While this contention may not be without some equitable appeal, we agree with the Tax Court that it is without legal merit. It is quite true that in matters of tax liability, as in other fields, substance is generally to be preferred to form. But it is not correct to say that the form which a transaction takes is unimportant from the standpoint of tax liability. Indeed, in many instances, the form of a transaction is determinative of tax consequences. If a taxpayer having a choice of methods of accomplishing *585an economic or business result pursues a particular means to accomplish his ends, he must abide the tax consequences resulting from his choice of methods, even though had he made another choice the tax consequences would have been less severe or even nonexistent.
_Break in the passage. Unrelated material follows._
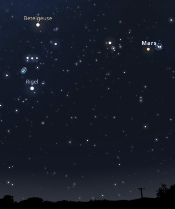 Κοιτώντας νοτιοδυτικά και χαμηλά στον νυχτερινό ουρανό απόψε, 6/3/2021 γύρω στις 9 μμ, θα διακρίνετε τον αστερισμό του Ωρίωνα. Ξεχωρίζουν τα άστρα Betelgeuse και Rigel.

United States v. Cumberland Public Service Co., 338 U.S. 451, 70 S.Ct. 280, 94 L.Ed. 251; Miller v. Commissioner, 8 Cir., 295 F.2d 538; Woodworth v. Commissioner, 6 Cir., 218 F.2d 719; Barber v. United States, 8 Cir., 215 F.2d 663; Woodruff v. Commissioner, 5 Cir., 131 F.2d 429. That principle is applicable here and requires that the decision of the Tax Court be affirmed.
. On March 12, 1956, the Ford Foundation advised that the grant would not be made since the hospital was not a non-profit charitable institution and did not enjoy tax exemption on December 12, 1955
. The Court is advised that at the January 24 stockholders meeting the ruling of the Internal Revenue Service was discussed, and the Association’s accountant advised the stockholders that in his opinion it made no difference from a tax standpoint whether the conversion was effected by one method or whether it was brought about by the other, since the ultimate result to be achieved was the same.